最近の主なものを挙げると、京都市は昨年11月、ごみ屋敷条例に基づき、ごみ撤去の代執行を行いました。京都市は7月から居住男性に行政指導を行いましたが改善されず、同条例に基づく全国初の代執行を行いました。
また、和歌山県は3月2日、景観に関する条例に基づいて空き家撤去を、横浜市は3月3日、JR横浜駅西口近くの路上で60年以上にわたり道路使用許可を取らずに営業を続けていたおでん屋台撤去を代執行しました。葛飾区では3月3日、昨年5月に施行された空家対策特別措置法に基づき、空き家を撤去しました。
代執行は、行政機関が義務を果たさない人に代わって撤去・排除などを行う強制的な行動を指します。憲法第13条では、基本的人権の尊重を謳っていますが、「公共の福祉に反しない限り」と制限しています。
行政代執行法でも、代執行の要件として、(1)義務者が義務を履行しない、(2)他の手段で義務の履行を確保することが困難、(3)不履行を放置することが著しく公益に反する、の3点を挙げています。

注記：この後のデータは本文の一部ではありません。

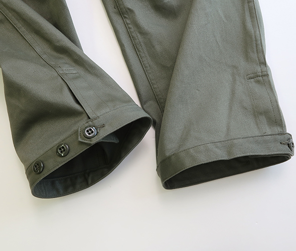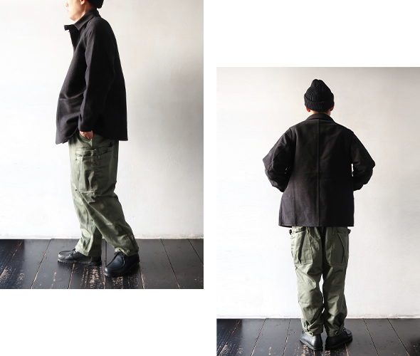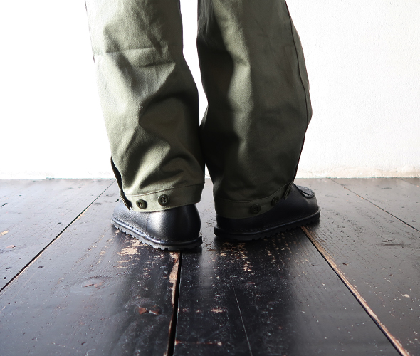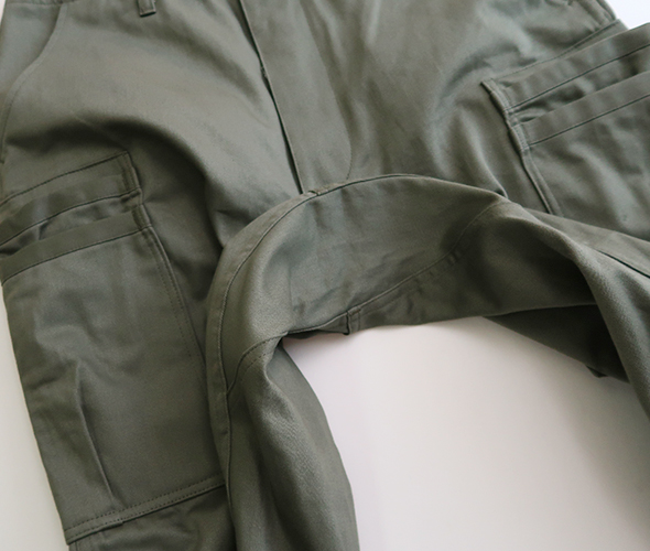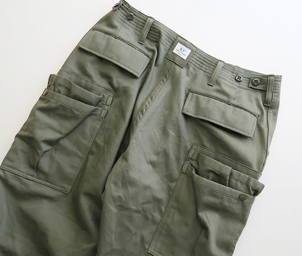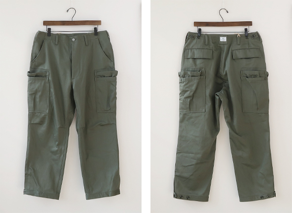 スレン染料が施された、ミリタリーサテン生地を使用したパンツ。M-51やM-65等のミリタリーパンツをベースにし、お馴染みWHOLE HOLEシリーズの2段のオーバーポケットをプラスしたデザインで、膝にはタックが入り、裾がボタンで調節できる仕様です。光沢がありやや上品さも感じる風合いに、9分丈にやや太めのシルエットで軽快な穿き心地です。
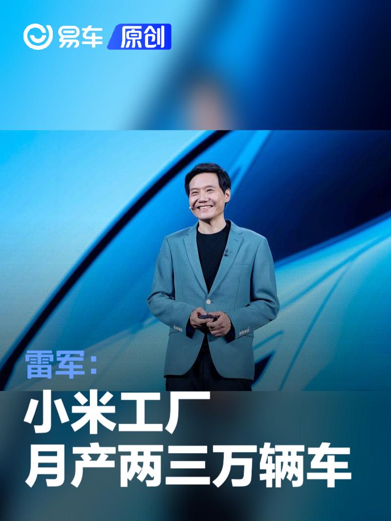 易车讯 据媒体报道称,小米集团创始人雷军在“活力中国调研行”活动上表示:“小米汽车工厂目前每月能生产两三万辆车,工厂实现了高度自动化,绝大部分工序都由机器完成。”
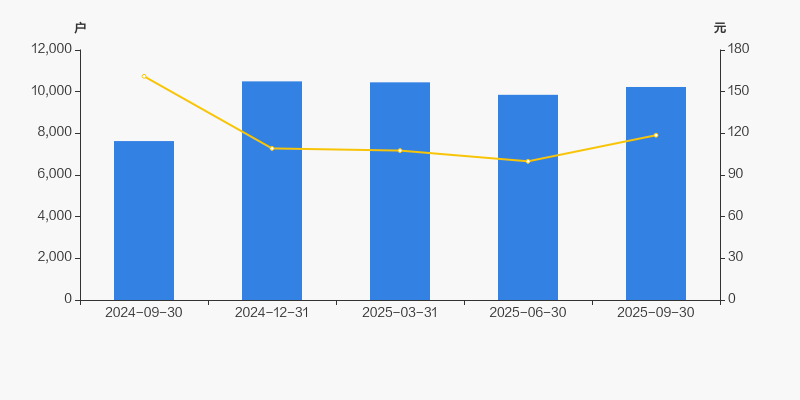 2024年9月30日至今,公司股东户数显著增长,区间涨幅为34.05%。2024年9月30日至2025年9月30日区间股价下降26.34%。
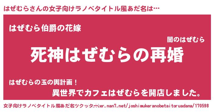 | 男性向けラノベタイトル風あだ名 | 『ノーゲーム・ノーハゼムラ』 |
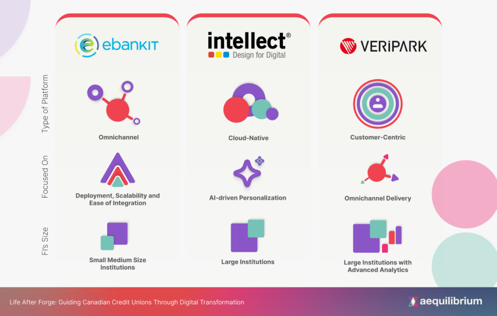 For example, when Central 1 launched Forge, champions like FirstWest, Alterna, and FirstOntario led the way. However, the landscape has shifted: Alterna transitioned to eBankIT two years ago, and FirstWest and FirstOntario have recently announced partnerships with VeriPark and Temenos, respectively. These shifts underscore the importance of a strategic approach to DBP selection, which considers features and the alignment of technology with the credit union’s unique needs and aspirations.
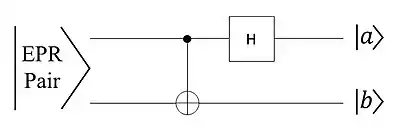 - Given Alice's measurements, Bob performs one of four operations on his half of the EPR pair and recovers the original quantum state.[1]

代執行を行う前には撤去命令や戒告を行います。これは行政代執行法に基づく行政処分であり、公権力を持った行為です。行政処分に不服があれば、異議申し立てができます。代執行そのものは事実行為なので、差し止め訴訟を行う場合には、前段の行政処分の取り消しを求める訴えになります。
また、代執行に要した費用は所有者負担なので、所有者が応じなければ強制徴収されます。しかし、所有者に財産がなかったり、所有者不明だったりした場合は最終的に行政負担となります。
株式会社パイプドビッツ 政治山カンパニー 3月7日(月)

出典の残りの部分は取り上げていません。